Perché molti lo sono stati, anche se non tutti, e qualcuno persevera nell’errore. O magari non gliene importa nulla. È più facile rinnegare la storia patria che l’errore o l’autoinganno di un padre. E poi da anni ci siamo abituati alla retorica del duce buono: nonno affettuoso, amante appassionato, statista che fino al ’38 le aveva azzeccate tutte. Ma nel ’38 Mussolini aveva già provocato la morte di Matteotti, Gramsci, Gobetti, don Minzoni, dei fratelli Rosselli; aveva fatto bastonare don Sturzo e il beato Pier Giorgio Frassati, chiuso i libici nei lager col filo spinato, gasato gli abissini, imprigionato migliaia di oppositori. E aveva fondato un movimento politico che avrebbe devastato l’Europa. Eppure oggi non c’è scuola di Roma, la capitale d’Italia, priva di scritte inneggianti al duce, che nessuno si sogna di cancellare. Vengono pure pubblicati i suoi diari: falsi, che però – c’è da scommetterci – avranno grande successo.
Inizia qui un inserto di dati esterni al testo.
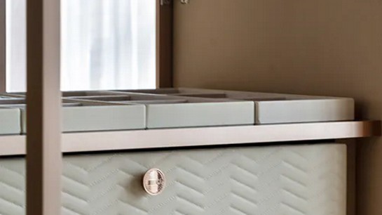 As cores são determinantes para dar personalidade aos closets abertos e, neste ano, a tendência é apostar em paletas neutras, mas com profundidade e textura. Tons como bege, cinza e marrom surgem em versões mais sofisticadas, acompanhados de acabamentos acetinados ou levemente texturizados, que adicionam riqueza visual.
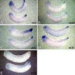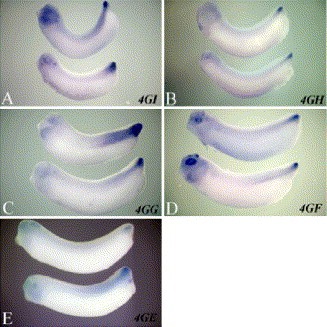 Fig. 4. Expression from a 5′ deletions series in transgenic embryos. This figure shows the expression in transgenic tailbud stage embryos from a series of 5′ deletion constructs visualized by hybridization against GFP RNA. The 4GI, 4GH, 4GG, 4GF, and 4GE constructs contain, respectively, 2245, 1750, 1370, 750, and 237 bp of sequence upstream of the transcriptional start site. In all panels, anterior is to the left. Panels A, B, C, D, and E show the expression of constructs 4GI, 4GH, 4GG, 4GF, and 4GE, respectively.

L’Italia è fatta. Ora si vuole fare il federalismo. Non c’è il rischio di distruggere un’unità costata così tanta fatica?
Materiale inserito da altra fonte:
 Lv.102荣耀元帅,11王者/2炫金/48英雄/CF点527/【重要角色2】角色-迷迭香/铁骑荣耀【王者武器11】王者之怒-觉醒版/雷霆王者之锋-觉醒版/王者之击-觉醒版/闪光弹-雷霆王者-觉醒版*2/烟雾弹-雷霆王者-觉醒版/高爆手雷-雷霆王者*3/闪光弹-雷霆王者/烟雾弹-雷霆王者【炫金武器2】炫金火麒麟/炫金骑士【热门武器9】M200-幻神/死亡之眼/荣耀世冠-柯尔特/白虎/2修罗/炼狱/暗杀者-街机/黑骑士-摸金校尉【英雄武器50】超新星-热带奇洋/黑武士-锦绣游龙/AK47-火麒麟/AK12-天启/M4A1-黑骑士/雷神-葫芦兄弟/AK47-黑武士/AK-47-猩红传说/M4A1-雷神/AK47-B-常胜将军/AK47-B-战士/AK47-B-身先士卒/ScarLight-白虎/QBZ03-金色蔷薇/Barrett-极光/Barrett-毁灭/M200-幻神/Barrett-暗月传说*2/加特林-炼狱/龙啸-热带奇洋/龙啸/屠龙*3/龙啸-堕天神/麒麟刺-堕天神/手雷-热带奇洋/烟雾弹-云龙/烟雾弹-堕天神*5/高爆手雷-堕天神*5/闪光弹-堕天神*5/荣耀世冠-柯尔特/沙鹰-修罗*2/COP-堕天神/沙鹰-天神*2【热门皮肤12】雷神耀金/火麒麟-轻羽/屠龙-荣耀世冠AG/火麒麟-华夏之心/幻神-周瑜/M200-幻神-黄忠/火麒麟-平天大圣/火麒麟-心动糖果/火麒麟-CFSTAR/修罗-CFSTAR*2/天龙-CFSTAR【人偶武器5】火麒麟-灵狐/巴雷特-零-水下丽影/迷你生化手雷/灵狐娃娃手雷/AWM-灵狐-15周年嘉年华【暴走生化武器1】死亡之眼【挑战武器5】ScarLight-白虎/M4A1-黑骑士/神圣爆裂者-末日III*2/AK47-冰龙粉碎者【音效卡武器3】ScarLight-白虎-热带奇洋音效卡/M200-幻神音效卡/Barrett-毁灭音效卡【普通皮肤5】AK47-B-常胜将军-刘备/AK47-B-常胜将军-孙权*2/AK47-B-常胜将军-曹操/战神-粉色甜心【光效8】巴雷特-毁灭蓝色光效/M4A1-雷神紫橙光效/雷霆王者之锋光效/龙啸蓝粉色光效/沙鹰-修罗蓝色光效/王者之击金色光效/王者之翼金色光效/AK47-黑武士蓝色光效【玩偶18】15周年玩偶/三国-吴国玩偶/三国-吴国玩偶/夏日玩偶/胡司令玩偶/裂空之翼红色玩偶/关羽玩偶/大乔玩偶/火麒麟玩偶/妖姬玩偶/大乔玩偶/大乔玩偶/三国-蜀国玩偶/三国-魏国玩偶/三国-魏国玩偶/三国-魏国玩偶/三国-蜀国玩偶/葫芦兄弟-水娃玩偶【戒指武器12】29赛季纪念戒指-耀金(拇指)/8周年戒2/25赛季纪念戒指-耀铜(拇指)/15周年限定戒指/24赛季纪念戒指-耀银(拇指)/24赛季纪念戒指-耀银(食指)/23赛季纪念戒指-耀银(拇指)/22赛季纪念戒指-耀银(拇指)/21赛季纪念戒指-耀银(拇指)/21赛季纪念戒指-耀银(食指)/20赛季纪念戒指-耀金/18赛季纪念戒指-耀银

Dipende da come sarà fatto. Di per sé, il principio è giusto. Ma se a pagare il conto del federalismo saranno i soliti lavoratori dipendenti, che verseranno più tasse (già si annuncia un’addizionale regionale Irpef del 3 per cento), e il Sud, che resterà senza soldi per gli ospedali e i servizi pubblici: la riforma non sarà servita a molto. Non ho grande fiducia nella Lega. Discetta di Padania, ma è il più mediterraneo dei partiti, basato sull’amicizia e sulla fedeltà al capo. E spesso governa in modo familista. La Padania in un certo senso esiste perché esiste una continuità culturale nella piana del Po. Ma senza il resto d’Italia la Padania sarebbe un flatus vocis, un suono vano. Cosa sarebbe il Nord senza la Toscana di Dante e Brunelleschi, senza la Roma dei cesari e dei papi? Cosa saremmo senza Napoli, quella fucina dell’identità italiana e di simboli: il sole, il mare, la pizza, la musica popolare, il cinema di Totò, il teatro di Eduardo? Cosa sarebbe la letteratura italiana senza gli scrittori siciliani, da Pirandello a Camilleri passando per Verga, De Roberto, Brancati, Sciascia, Consolo, Bufalino?

Da italiano e da giornalista che ha indagato in lungo e in largo il nostro Paese, che opinione ha degli italiani?
Che gli italiani si assomigliano tra loro molto più di quanto non pensino. Nord e Sud sono distanti per redditi e opportunità, ma uniti dalla mentalità familista e dalla diffidenza per lo Stato. Ormai non solo l’Italia è fatta; sono fatti anche gli italiani. Forse non sono venuti granché, ma non ne abbiamo altri. Possiamo migliorarci un poco alla volta. E, siccome diamo il meglio nelle difficoltà, i prossimi anni potranno essere migliori di come si annunciano.